Current behavior isn't ideal; SERVER-18557 will fix this issue.

Comment by Eric Milkie [ 17/Nov/15 ]

Yes, unfortunately the server needs a stable clock source for replication. It can tolerate small jumps in time (such as for daylight savings time adjustment), but cannot handle months-long jumps backward in time.

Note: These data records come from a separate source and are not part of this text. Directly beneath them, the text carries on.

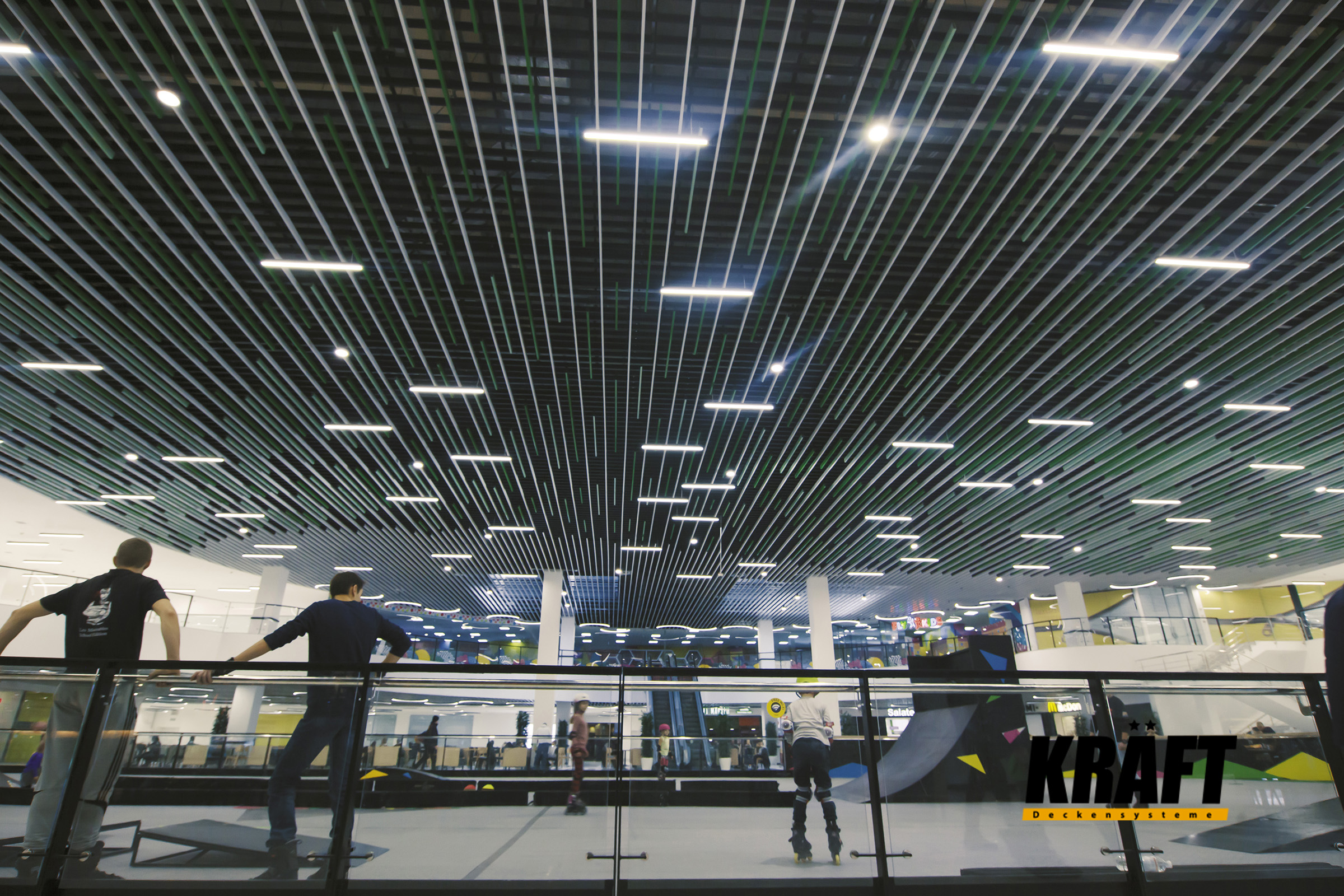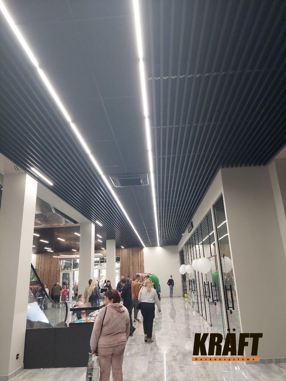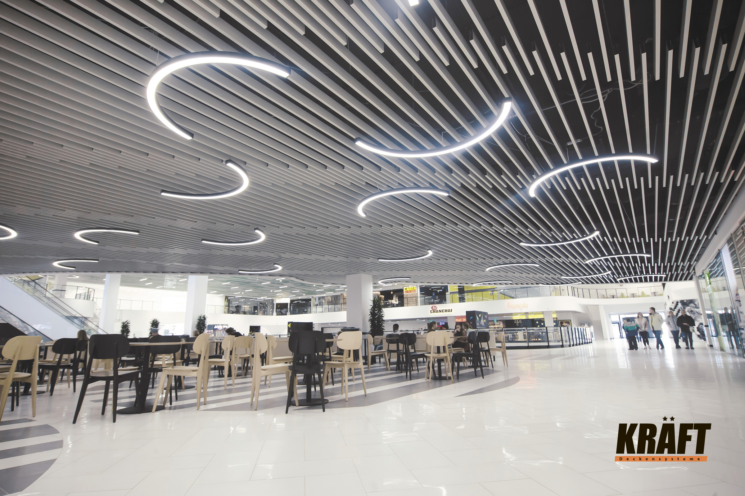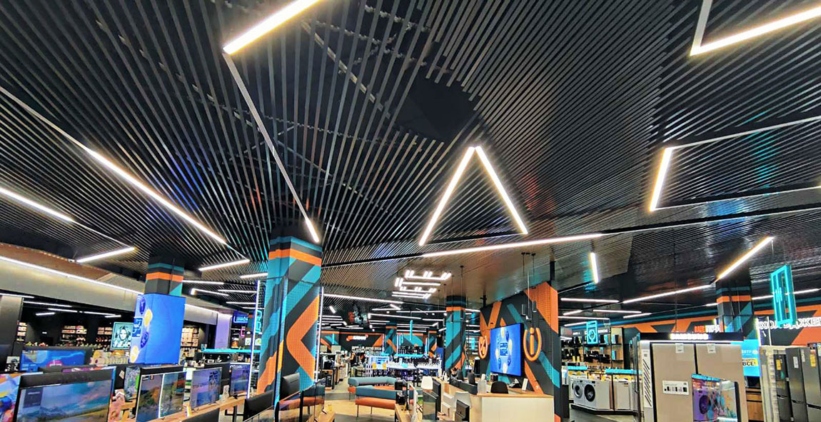 KRAFT linear strip ceilings are an excellent choice for shops and shopping malls where both functionality and impressive interiors are important.
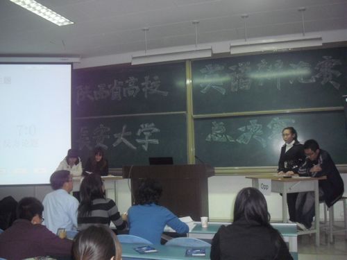 2010年12月3日19点,我院于渭水校区明远3101多媒体教室成功举办高校英语辩论赛长安大学决赛。晋级决赛的共有12名来自不同学院的参赛选手,我院英语系主任李微,英语系副主任赵斌和我院讲师田庄园担任本次辩论赛评委,本次大赛由我院大三英语系学生张雨舸及我院学生会学术部部长刘一敏主持。 参加本次比赛的12名选手在赛前通过自由组合,2人一组,组成六支参赛队伍,并以抽签的形式确定各自辩题。 首先,主持人向大家介绍本次辩论赛的规则:正反双方一辩各自进行4分钟观点陈述,接下来正反双方各有七分钟时间进行自由辩论,最后正反双方二辩各自进行4分钟的观点总结。主持人致词后,辩论赛正式开始。 本次三场辩论赛的辩题分别是“On the road of life ,we should learn to be satisfied or we should never be satisfied”;When facing love, you will be happier once choosing the person you love or the person who loves you;和 The developement of our economy can prevent the deterioration of the enviornment or not.在开篇的观点陈述环节中,双方一辩都各自清晰完整地陈述了所持观点,并适当结合具体实例进行论证,使各自的观点更加具有说服力。在自由辩论环节中,选手们更是尽显风采,合理的论述,恰当的手势,流利地道的英语博得了现场观众的阵阵喝彩。自由辩论期间正反双方都能步步紧逼,抓住对方的漏洞,及时进行有力反攻,将辩论推向一个接一个的小高潮。 比赛结束后,由主持人当场公布各参赛队最后成绩。最终,三支代表队分别获得一等奖,二等奖,三等奖,其他三支代表队获得优胜奖。其中获得一,二,三等奖的代表队将在接下来高校辩论赛中代表我校参赛。 通过本次辩论赛,选手们表示比赛本身是对自己的一次挑战,要用英语准确流利地表达自己的观点需要做更多的前期准备,并且在这一过程中,同学们彼此之间锻炼了团队合作和协调能力,大家纷纷表示今后将继续参加此类活动。
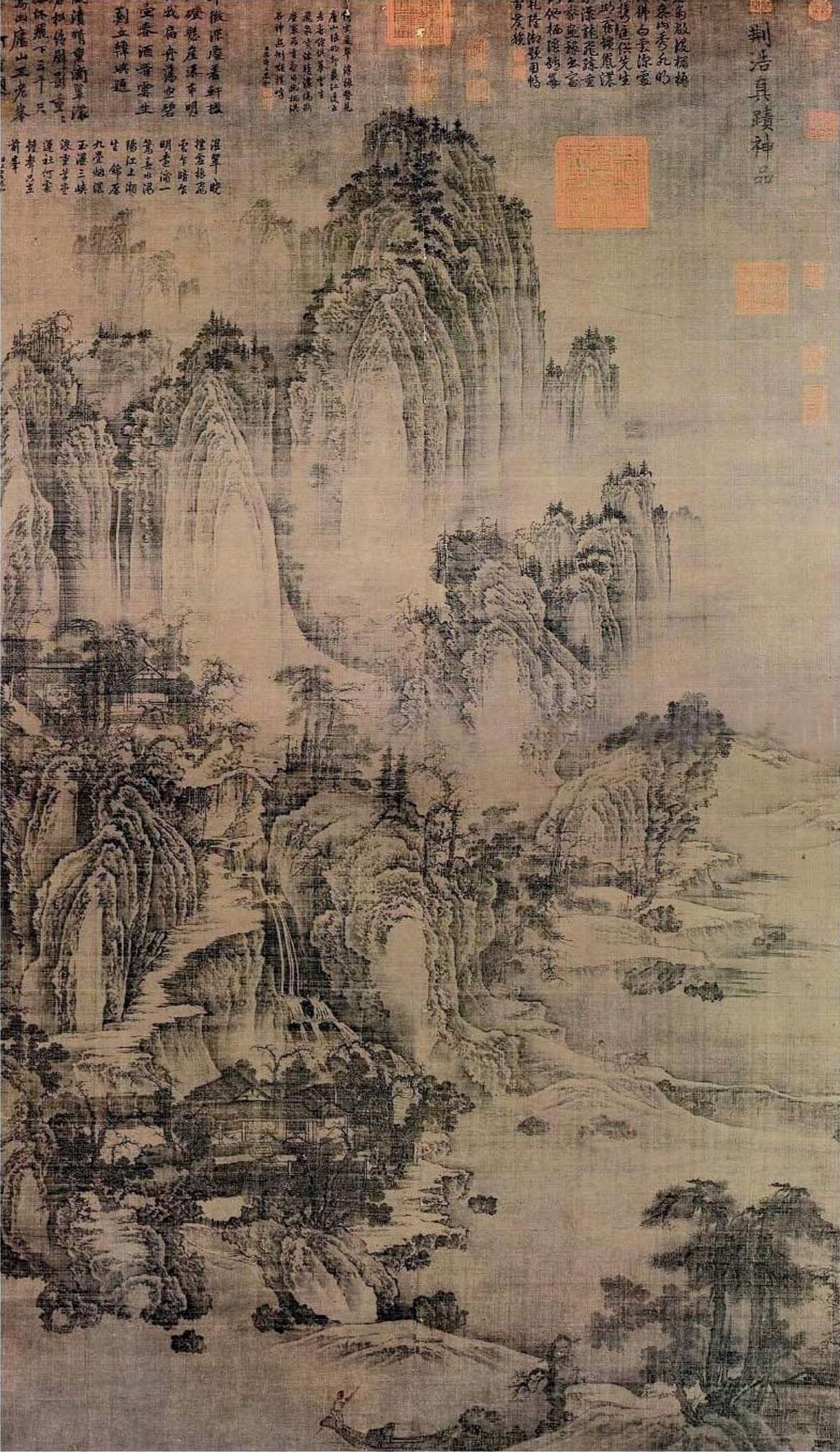 五代·荆浩,匡庐图,卷轴,绢本,墨色,185.8cm×106.8cm,藏于台北故宫博物院。
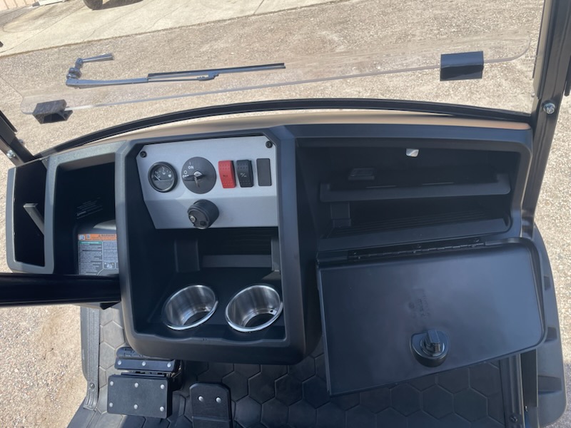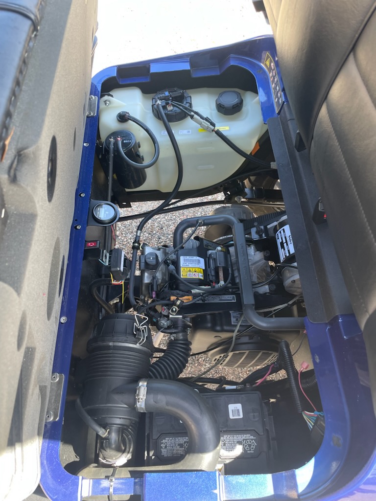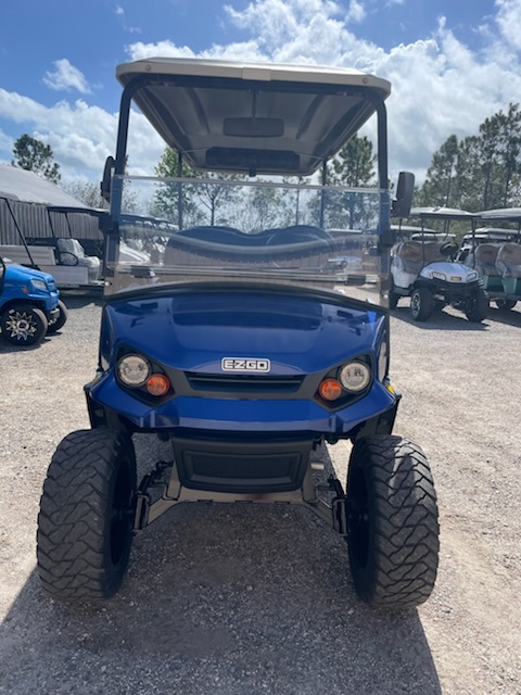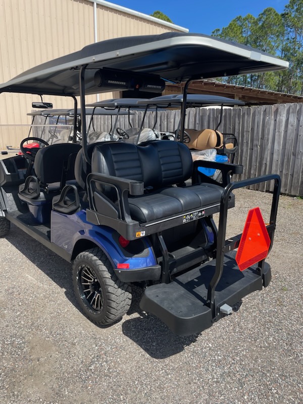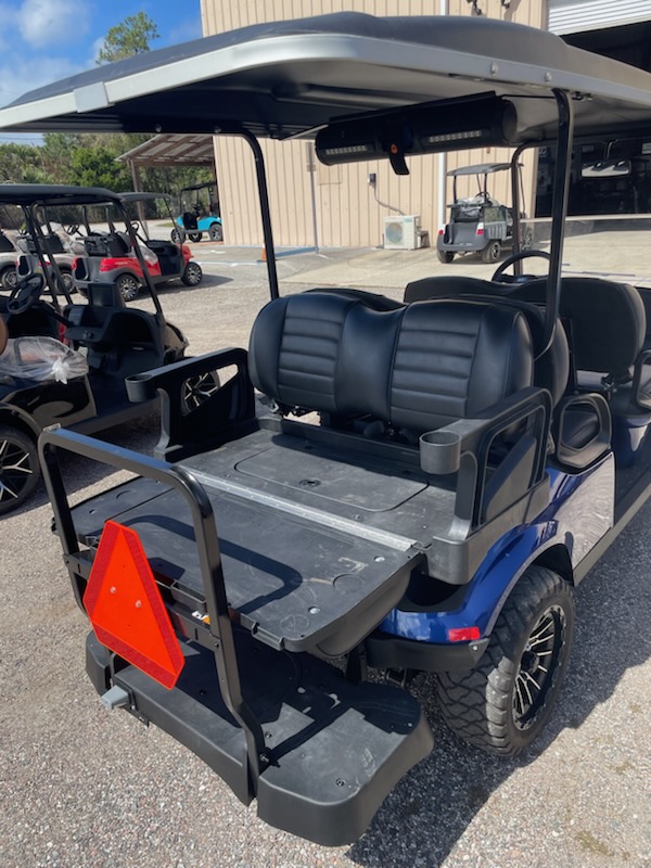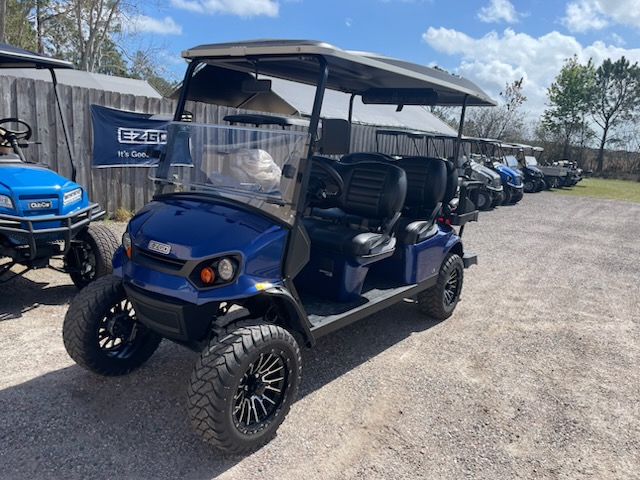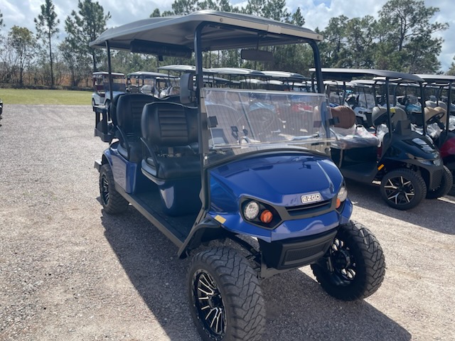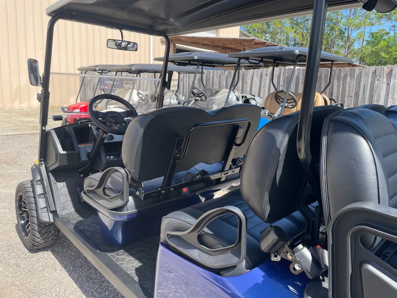Used STREET LEGAL 2022 E-Z-GO, L6, Gas, 6 passenger, Lifted, color: Electric Blue, seats: Premium Black, long black top, LED head lights, tail lights, brake lights, turn signals, horn, dual USB, front cup holders, fuel meter, hour meter (34.5 hours) Key: 401, glovebox, DOT windshield, wiper, side folding mirrors, rear view mirror, seat belts, smv, license plate light, middle row grab bar, RFS rear seat kit with storage bucket and armrest cup holders, bluetooth sound bar and 14″ wheels. $13,995.00 + Tax, Tag, Title.
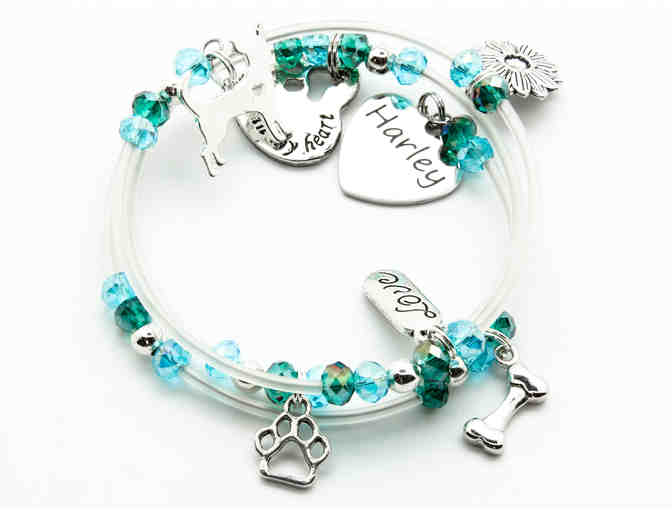 This is a memory wire bracelet with glass beads in shades of green and turquoise. Included are 7 charms: a laser engraved heart charm which reads "Harley", a cut-out charm which reads "Always In My Heart", a paw print outline shaped charm, a charm that reads "love", a sunflower charm, a dog bone charm, and a Chihuahua silhouette. This bracelet will fit a 6.5 to 7.5 inch wrist. Please treat it gently and do not wear in water.
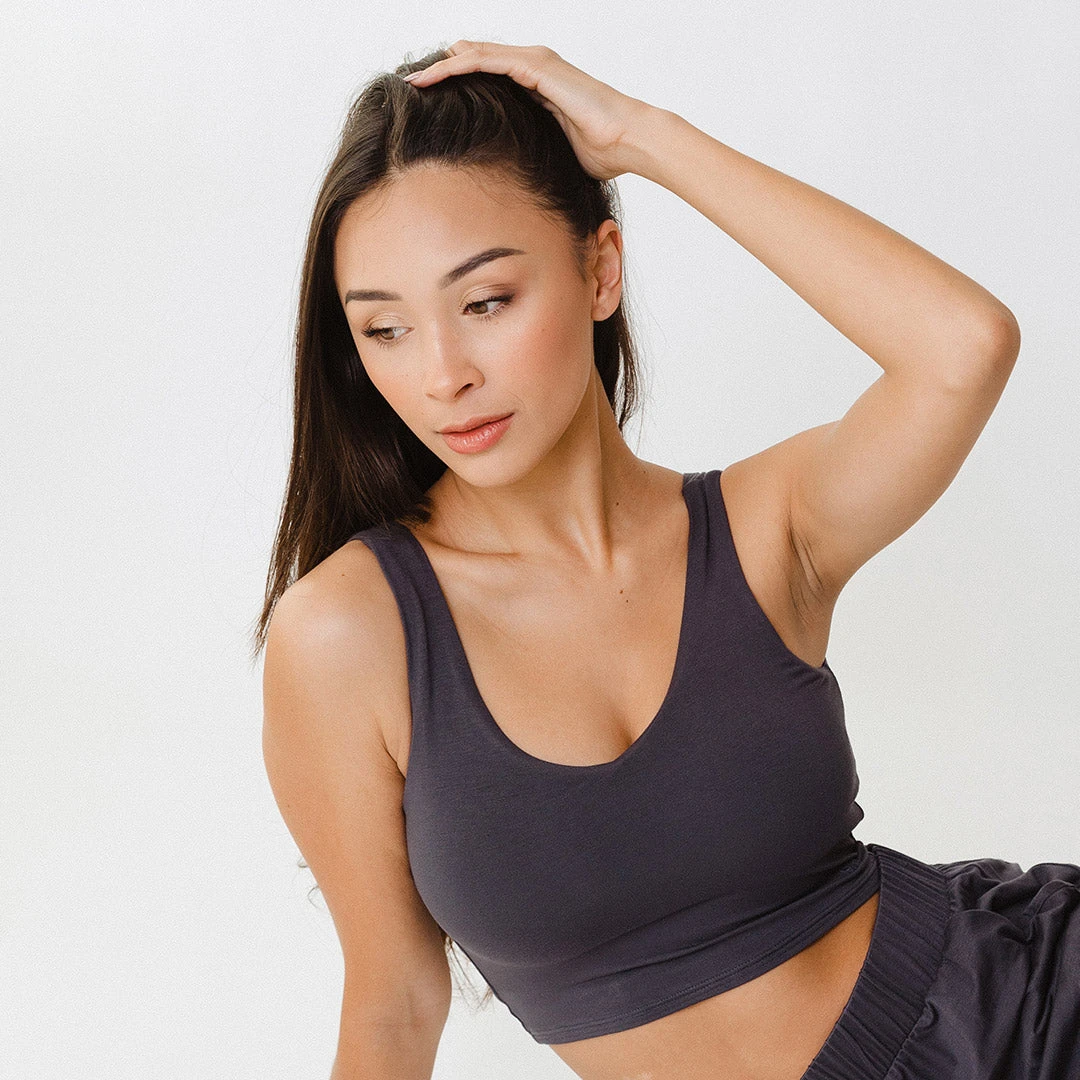 The Serenity Focus Tank is a go-to staple for any wardrobe. With a slight v-neck front, scoop back, cropped length, and shelf bra, you’ll want to live in it 24/7. Perfect for light exercise like yoga or barre, and comfortable enough to wear as a basic top all day long (or maybe just never change out of your workout clothes)

Comment by ufo ofu [ 17/Nov/15 ]

The reason has been found. before a moment, the operating system's time is changed to '2016-01-02', and then be modified. According to 'global_optime.cpp', timestamps in oplog.rs set to '1452628808'. And the counter has been increased until the mongo is crashed.

namespace { 
    mongo::mutex globalOptimeMutex("globalOptime"); 
    mongo::OpTime globalOpTime(0, 0); 
 
 
    bool skewed(const mongo::OpTime& val) { 
        if (val.getInc() & 0x80000000) { 
            mongo::warning() << "clock skew detected  prev: " << val.getSecs() 
                             << " now: " << (unsigned) time(0) << std::endl; 
            return true; 
        } 
 
 
        return false; 
    } 
} 
 
 
namespace mongo { 
    void setGlobalOptime(const OpTime& newTime) { 
        mutex::scoped_lock lk(globalOptimeMutex); 
        globalOpTime = newTime; 
    } 
 
 
    OpTime getLastSetOptime() { 
        mutex::scoped_lock lk(globalOptimeMutex); 
        return globalOpTime; 
    } 
 
 
    OpTime getNextGlobalOptime() { 
        mutex::scoped_lock lk(globalOptimeMutex); 
 
 
        const unsigned now = (unsigned) time(0); 
        const unsigned globalSecs = globalOpTime.getSecs(); 
        if ( globalSecs == now ) { 
            globalOpTime = OpTime(globalSecs, globalOpTime.getInc() + 1); 
        } 
        else if ( now < globalSecs ) { 
            globalOpTime = OpTime(globalSecs, globalOpTime.getInc() + 1); 
            // separate function to keep out of the hot code path 
            fassert(17449, !skewed(globalOpTime)); 
        } 
        else { 
            globalOpTime = OpTime(now, 1); 
        } 
 
 
        return globalOpTime; 
    } 
} 

Comment by Ramon Fernandez Marina [ 12/Nov/15 ]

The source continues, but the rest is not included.